The research team was also interested in a particularly narrow form of privacy, namely, keeping private the identities of your social contacts, assuming you are not a "target"—a terrorist or disease carrier. In fact, their analysis is even narrower than that. What they're really interested in is differential privacy—roughly speaking, the concept that someone shouldn't be able to infer something about you personally based on more general conclusions made from large data sets. In this case, the idea is that people shouldn't be able to infer your secrets based on your social contacts.

Prioritize investigations into people with the strongest social ties to known targets, but randomize the list of priorities a bit.

Here's an example: Say you have a rare, stigmatized disease, and you've talked to your uncle, who's a specialist on the disease, as well as your own small-town doctor. If both get arrested for Medicare fraud related to the stigmatized disease, your neighbors might wonder what exactly connected your uncle to the small-town doctor. In fact, they might infer you're the link—and that you have the disease.

With those issues in mind, Kearns and his colleagues Aaron Roth, Steven Wu, and Grigory Yaroslavtsev wanted to see if they could find a way to search for unknown but "targeted" individuals in social network data while keeping others' social ties and sensitive information private.

To see how their solution works, first consider two extremes: At one extreme, you can start the search from known targets and build outward, but as in the "stigmatized disease" example, that could inadvertently reveal information that ought to stay private; at the other extreme, you could investigate people at random—that actually preserves privacy in the team's sense, but isn't exactly practical.

The solution lies in between: Prioritize investigations into people with the strongest social ties to known targets, but randomize the list of priorities a bit. Simulations and mathematical arguments show doing so would allow agencies to find and investigate targets efficiently without violating other people's privacy.

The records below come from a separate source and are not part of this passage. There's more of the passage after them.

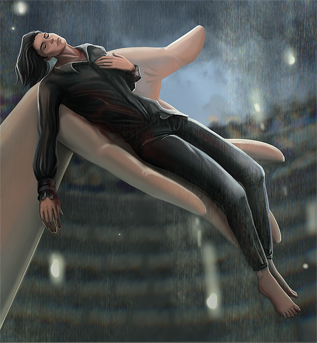 Очухиваюсь, когда меня вновь держат огромные руки. В этот раз, правда, не сжимают так сильно. Глаза у него восстановились, но не до конца: мутные какие-то. А вот из уха всё ещё льётся кровь, камень всё ещё в нём… В моих же ушах неясное жужжание: видимо, мне повредило слух. Руки не слушаются. Кажется, вдобавок мне ещё и выбило суставы, когда я играла с зубами великого святого. Бросаю на обвисшие конечности скучающий взгляд, пока гигант примиряется, как лучше меня сожрать, и замечаю: кандалы помялись. Их смяло так, что они теперь даже работать нормально не могут. На макушку упали новые капли начинающегося дождя. Я слабо улыбнулась, замечая потоки маны, вновь доступные моему измученному телу.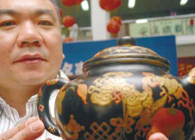 在當天沈陽茶城主辦的紫砂名壺拍賣會上,一把乾隆年間宮內御用的“宜興窯紫砂黑漆描金吉慶有余壺”以155萬元的天價拍賣成功,這個成交價格也打破了此前香港佳士得拍賣行拍賣一件清乾隆剔紅饕餮夔龍紋紫砂壺時147.7萬港元的歷史最高價紀錄。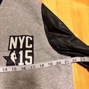 Stylish Adidas varsity jacket. Gray body with black sleeves. Features star design and NBA All-Star 2015 embroidery.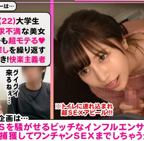 あらすじ:SNSを駆使してヤリまくるビッチなインフルエンサーをDMで捕獲して隙あらばワンチャンSEXまで狙う新時代プロジェクト!今回のヤリモクインフルエンサーは、男をムラッとさせる天才ミナミちゃん(22)狙った男にはすぐ急接近!!上級モテテクを駆使してトイレに誘い込み…

There are a number of caveats, Kearns says. Notably, the method doesn't guarantee that the innocent (or disease-free) won't be investigated, and it doesn't prevent other kinds of information from being revealed—the only thing that's sure is that most people's lists of social contacts will remain private.

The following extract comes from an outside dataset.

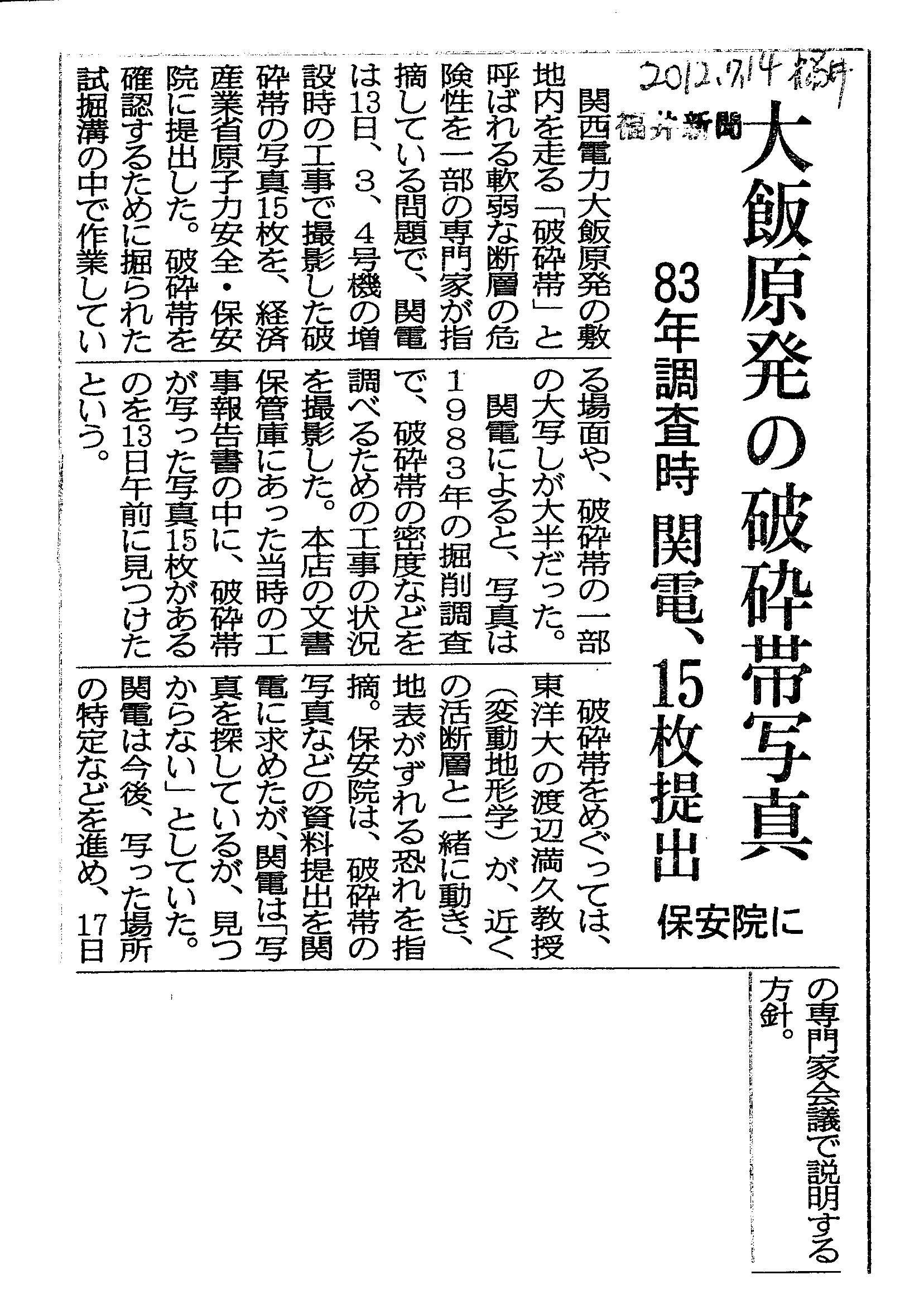 [2012_07_14_01]大飯原発の破砕帯写真 83年調査時 関電、15枚提出 保安院に (福井新聞2012年7月14日)

"It's a very interesting model," says Yves-Alexandre de Montjoye, a data privacy researcher at Harvard University (and author of several recent papers suggesting privacy is more illusory than we'd like), noting that it's a smart extension of some other work in the field of differential privacy to the world of social networks. Still, the work remains theoretical and doesn't address the multitude of issues involved with data privacy. "It's not a complete solution," de Montjoye says. "It's a theoretical work, and it's very careful" to acknowledge as much.

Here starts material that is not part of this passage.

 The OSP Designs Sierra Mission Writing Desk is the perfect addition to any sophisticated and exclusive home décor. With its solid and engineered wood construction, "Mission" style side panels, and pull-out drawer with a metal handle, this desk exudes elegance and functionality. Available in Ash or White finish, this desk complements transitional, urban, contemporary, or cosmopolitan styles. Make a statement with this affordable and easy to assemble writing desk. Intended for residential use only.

Meanwhile, privacy activists may take issue with the paper's underlying perspective.

"Collection of data, as the authors admit, is itself intrusive. They acknowledge that both for the initial network data and for ... investigations," writes Lee Tien, a senior staff attorney for the Electronic Frontier Foundation. "That’s a lot of intrusion." The analysis also avoids the possibility that agencies like the NSA might misuse the data. After all, just because the NSA has a privacy-preserving terrorist search algorithm doesn't mean they'll use it. "At the end of the day, one of the most important issues in privacy is requiring the government to justify its privacy-implicating actions in a publicly accountable way," Tien writes.

Kearns says that he and his team largely tried to avoid such issues. Publicly stating his own opinions on bulk data collection, for example, "would detract" from the paper's goal of advancing scientists' understanding of data privacy, he says.